PROBLEM STATEMENT
For this exercise, return only the lines in the records below from the one holding "Cut from a sumptuous" through the one holding "For Samsung Galaxy", including both, exactly as they appear and without pictures.

PROVIDED DATA
☆ ☆ ☆ ☆ ☆ ☆ ☆

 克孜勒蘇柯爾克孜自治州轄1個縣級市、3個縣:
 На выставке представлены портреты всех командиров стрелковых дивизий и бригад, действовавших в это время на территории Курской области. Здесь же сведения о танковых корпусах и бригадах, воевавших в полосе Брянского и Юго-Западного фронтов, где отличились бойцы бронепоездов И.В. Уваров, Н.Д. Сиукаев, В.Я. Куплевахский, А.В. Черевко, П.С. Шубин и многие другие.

☆ ☆ ☆ ☆ ☆ ☆ ☆

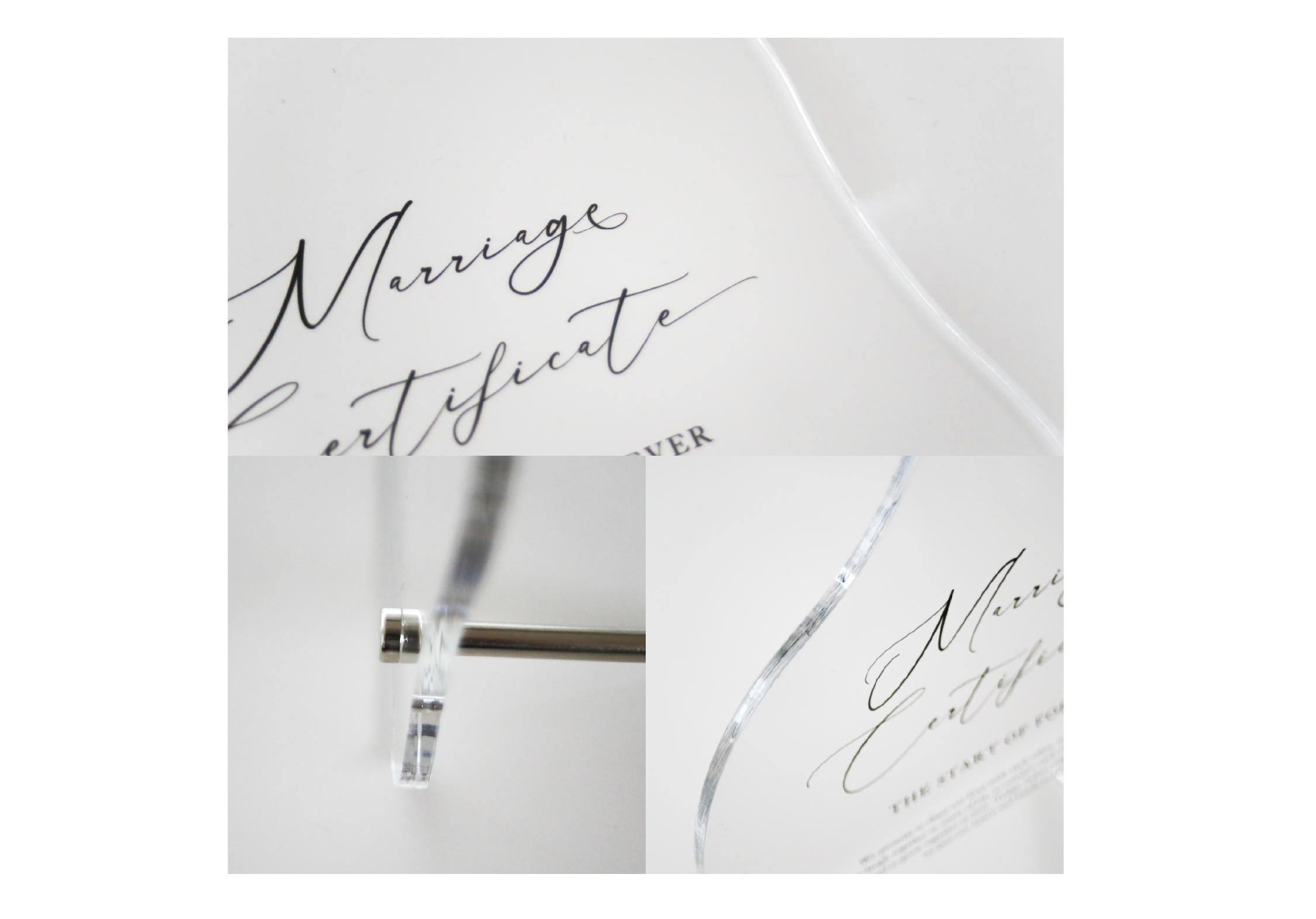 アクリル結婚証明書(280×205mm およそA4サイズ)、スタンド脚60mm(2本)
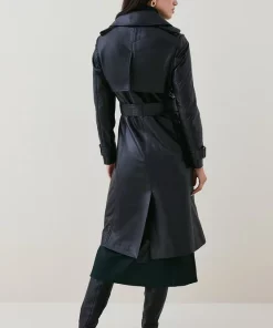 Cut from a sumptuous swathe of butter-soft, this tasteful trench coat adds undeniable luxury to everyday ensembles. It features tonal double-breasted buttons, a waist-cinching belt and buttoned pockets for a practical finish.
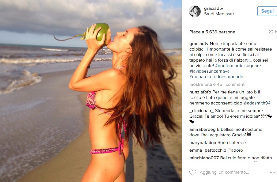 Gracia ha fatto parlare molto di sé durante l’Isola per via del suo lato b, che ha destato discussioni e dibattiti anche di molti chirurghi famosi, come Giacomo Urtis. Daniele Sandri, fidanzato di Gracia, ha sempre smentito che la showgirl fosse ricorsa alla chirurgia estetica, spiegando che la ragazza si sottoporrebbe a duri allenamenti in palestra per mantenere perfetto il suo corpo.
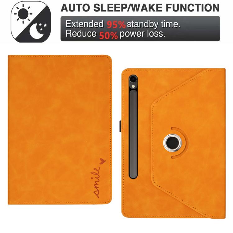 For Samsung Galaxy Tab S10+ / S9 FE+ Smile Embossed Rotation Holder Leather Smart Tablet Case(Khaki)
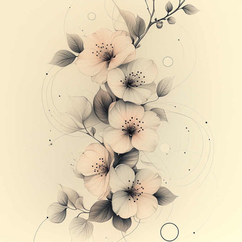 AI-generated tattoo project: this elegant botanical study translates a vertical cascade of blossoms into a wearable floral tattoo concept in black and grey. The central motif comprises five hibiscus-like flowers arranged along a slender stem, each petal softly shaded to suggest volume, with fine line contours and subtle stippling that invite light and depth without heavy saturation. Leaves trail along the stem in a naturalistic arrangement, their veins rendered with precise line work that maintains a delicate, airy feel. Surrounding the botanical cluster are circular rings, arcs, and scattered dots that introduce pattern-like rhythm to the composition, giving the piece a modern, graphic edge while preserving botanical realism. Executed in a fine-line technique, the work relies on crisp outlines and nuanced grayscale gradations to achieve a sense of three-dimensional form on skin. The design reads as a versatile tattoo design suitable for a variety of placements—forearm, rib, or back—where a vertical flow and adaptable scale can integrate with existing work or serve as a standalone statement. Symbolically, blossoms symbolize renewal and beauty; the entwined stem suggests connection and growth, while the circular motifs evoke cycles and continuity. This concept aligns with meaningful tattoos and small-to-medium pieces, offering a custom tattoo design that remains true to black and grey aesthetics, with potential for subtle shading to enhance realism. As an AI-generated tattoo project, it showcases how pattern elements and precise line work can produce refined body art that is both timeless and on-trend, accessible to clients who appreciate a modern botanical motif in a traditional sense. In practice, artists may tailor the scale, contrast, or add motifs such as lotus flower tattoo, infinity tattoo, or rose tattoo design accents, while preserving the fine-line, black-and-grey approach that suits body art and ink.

☆ ☆ ☆ ☆ ☆ ☆ ☆

TASK RESPONSE
 Cut from a sumptuous swathe of butter-soft, this tasteful trench coat adds undeniable luxury to everyday ensembles. It features tonal double-breasted buttons, a waist-cinching belt and buttoned pockets for a practical finish.
 Gracia ha fatto parlare molto di sé durante l’Isola per via del suo lato b, che ha destato discussioni e dibattiti anche di molti chirurghi famosi, come Giacomo Urtis. Daniele Sandri, fidanzato di Gracia, ha sempre smentito che la showgirl fosse ricorsa alla chirurgia estetica, spiegando che la ragazza si sottoporrebbe a duri allenamenti in palestra per mantenere perfetto il suo corpo.
 For Samsung Galaxy Tab S10+ / S9 FE+ Smile Embossed Rotation Holder Leather Smart Tablet Case(Khaki)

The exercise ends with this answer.